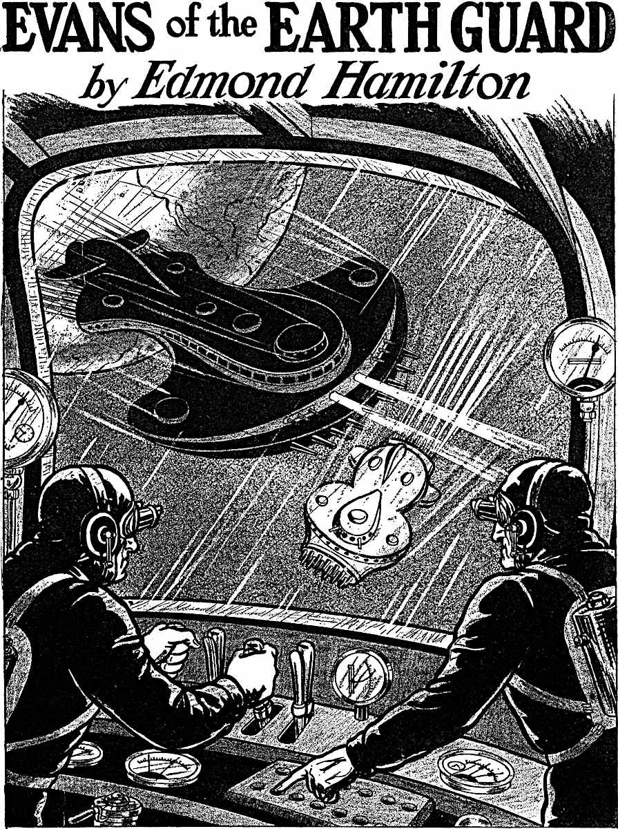 From the squat pilot-house set atop it, Evans and Calden gazed ahead. The great gray disk of earth filled a quarter of the heavens before them, the outline of its continents and seas visible here and there through its shifting screen of clouds. Behind them the moon's silvery sphere was dwindling rapidly, as they had seen it dwindle now for hours. It was hours that the great Earth-Guard rocket with its half-hundred men had been hurtling toward earth after its weary week's vigil in space, before this call had come.
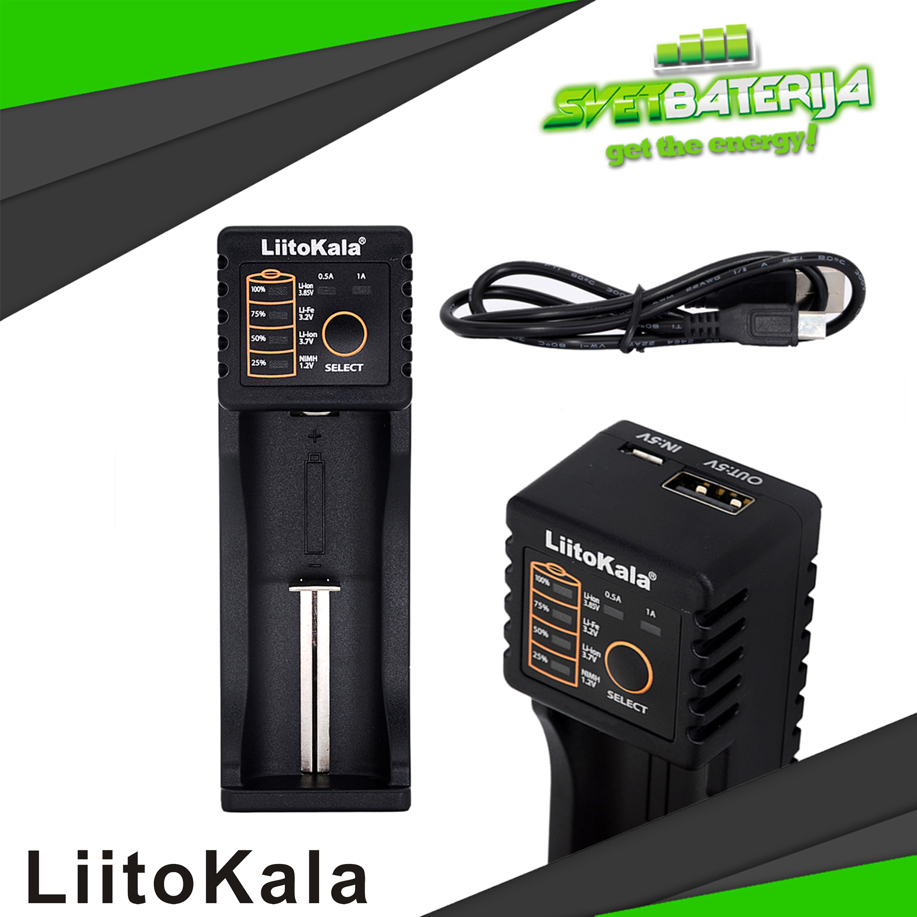 LiitoKala Lii100 punjač je dizajniran tako da bude lako prenosiv, fleksibilan i namenjen za više vrsta baterija. Može da detektuje tip baterije i da automatski puni strujom od 0.5A ili 1A. Ugrađeni LED indikatori prikazuju status punjenja i takođe poseduje 5V / 1000mAh USB izlaz.
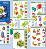 Задания комплекта направлены на развитие образного мышления как ведущего вида мышления детей дошкольного возраста, на основе которого начинают развиваться элементы мышления логического. Рассматривание предметов (в виде геометрических фигур) с разных сторон (сверху, снизу, слева, справа, спереди); мысленное перемещение и вращение в пространстве; выделение признаков цвета, формы и величины – такие действия будет выполнять ребёнок для решения поставленных в карточках задач. Задания даны в виде иллюстраций, чертежей, схем, лабиринтов.
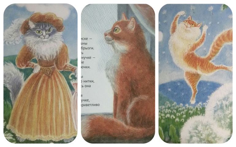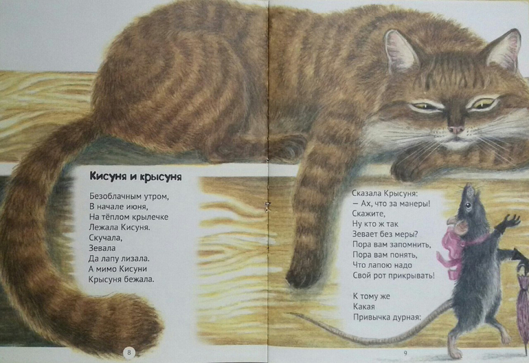 Увидев этого очаровательно кота с гитарой, дочка решила, что книгу надо брать. Однако узнав, что в книге стихи, она свой пыл поумерила и долго размышляла возьмем мы ее или нет. В итоге было принято решение книгу взять.
==========
I'd like the material above repeated exactly, with the pictures omitted.

### RESULT OF THIS TASK
 From the squat pilot-house set atop it, Evans and Calden gazed ahead. The great gray disk of earth filled a quarter of the heavens before them, the outline of its continents and seas visible here and there through its shifting screen of clouds. Behind them the moon's silvery sphere was dwindling rapidly, as they had seen it dwindle now for hours. It was hours that the great Earth-Guard rocket with its half-hundred men had been hurtling toward earth after its weary week's vigil in space, before this call had come.
 LiitoKala Lii100 punjač je dizajniran tako da bude lako prenosiv, fleksibilan i namenjen za više vrsta baterija. Može da detektuje tip baterije i da automatski puni strujom od 0.5A ili 1A. Ugrađeni LED indikatori prikazuju status punjenja i takođe poseduje 5V / 1000mAh USB izlaz.
 Задания комплекта направлены на развитие образного мышления как ведущего вида мышления детей дошкольного возраста, на основе которого начинают развиваться элементы мышления логического. Рассматривание предметов (в виде геометрических фигур) с разных сторон (сверху, снизу, слева, справа, спереди); мысленное перемещение и вращение в пространстве; выделение признаков цвета, формы и величины – такие действия будет выполнять ребёнок для решения поставленных в карточках задач. Задания даны в виде иллюстраций, чертежей, схем, лабиринтов.
 Увидев этого очаровательно кота с гитарой, дочка решила, что книгу надо брать. Однако узнав, что в книге стихи, она свой пыл поумерила и долго размышляла возьмем мы ее или нет. В итоге было принято решение книгу взять.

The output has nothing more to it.